Quote all lines below exactly. Images stay out.

● **Data provided**:
------------------------

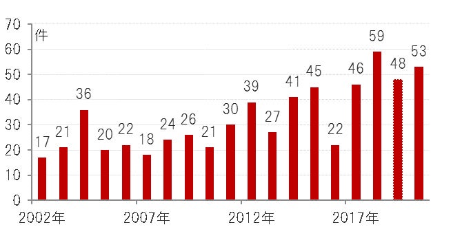 「新薬の開発」動向をはかる上でひとつの指標といえる米国の新薬承認件数は、近年、高水準で推移しています(図表1参照)。
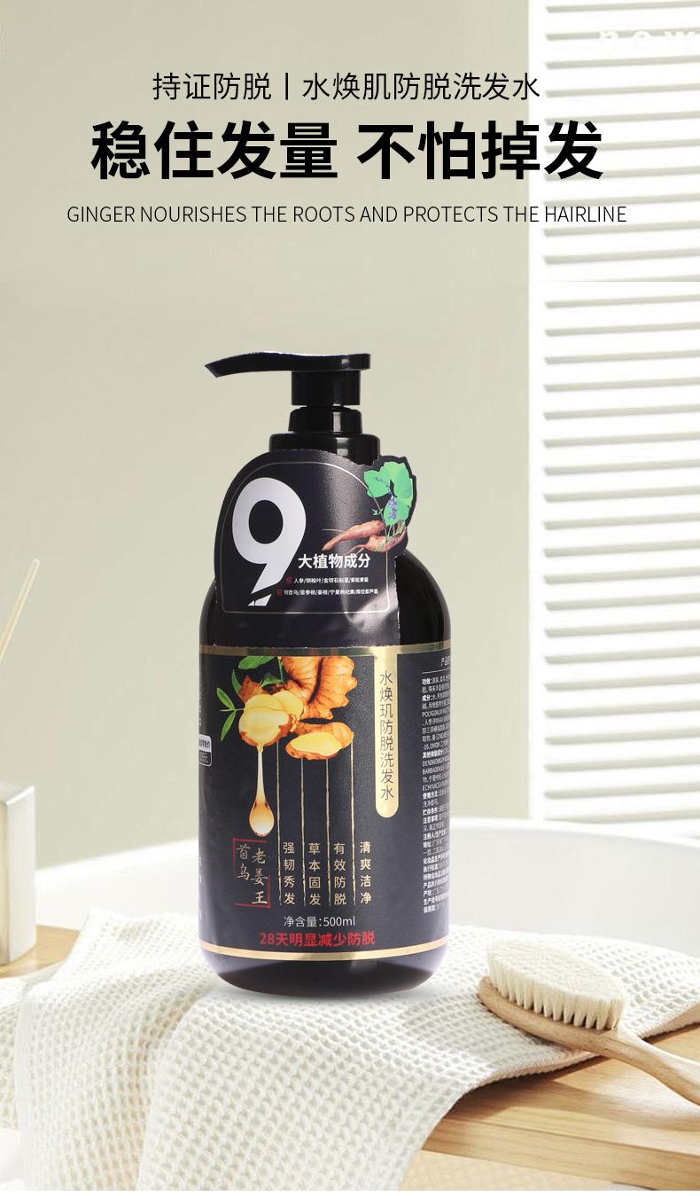 Champú Anticaída Iluminador de Agua Champú Polygonum Multiflorum 500ml Fortalecedor Capilar Anticaída Control de Aceite Nutritivo Cabello Ligero
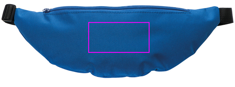 Belt bag in 600D polyester with zipped compartment, slide-in compartment, and adjustable shoulder strap. The logo is printed on the front center of the bag
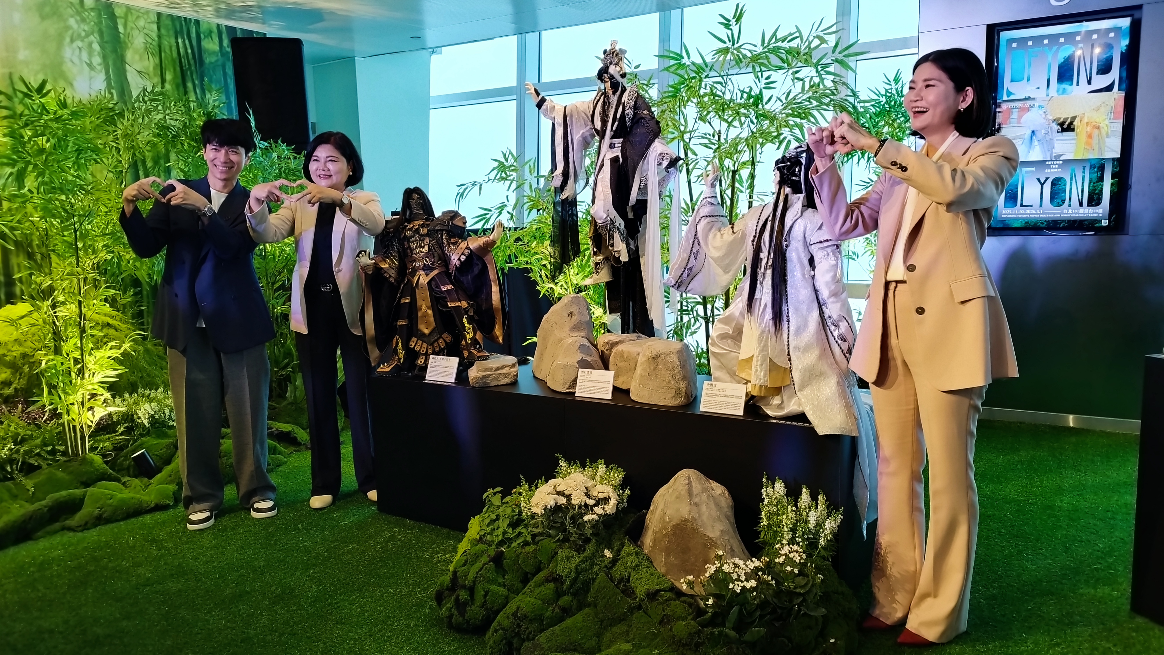 台北101董事長賈永婕表示,作為全球知名的地標建築與文化地景,台北101長期致力於推動藝術、文化與永續共生的理念。此次與雲林縣政府合作,不僅展現臺灣地方文化的獨特魅力,更讓世界在382公尺高空的台北101 89樓秘境花園觀景台,感受布袋戲的精緻工藝與竹林的生命美學。

------------------------

● **Output below**:
 「新薬の開発」動向をはかる上でひとつの指標といえる米国の新薬承認件数は、近年、高水準で推移しています(図表1参照)。
 Champú Anticaída Iluminador de Agua Champú Polygonum Multiflorum 500ml Fortalecedor Capilar Anticaída Control de Aceite Nutritivo Cabello Ligero
 Belt bag in 600D polyester with zipped compartment, slide-in compartment, and adjustable shoulder strap. The logo is printed on the front center of the bag
 台北101董事長賈永婕表示,作為全球知名的地標建築與文化地景,台北101長期致力於推動藝術、文化與永續共生的理念。此次與雲林縣政府合作,不僅展現臺灣地方文化的獨特魅力,更讓世界在382公尺高空的台北101 89樓秘境花園觀景台,感受布袋戲的精緻工藝與竹林的生命美學。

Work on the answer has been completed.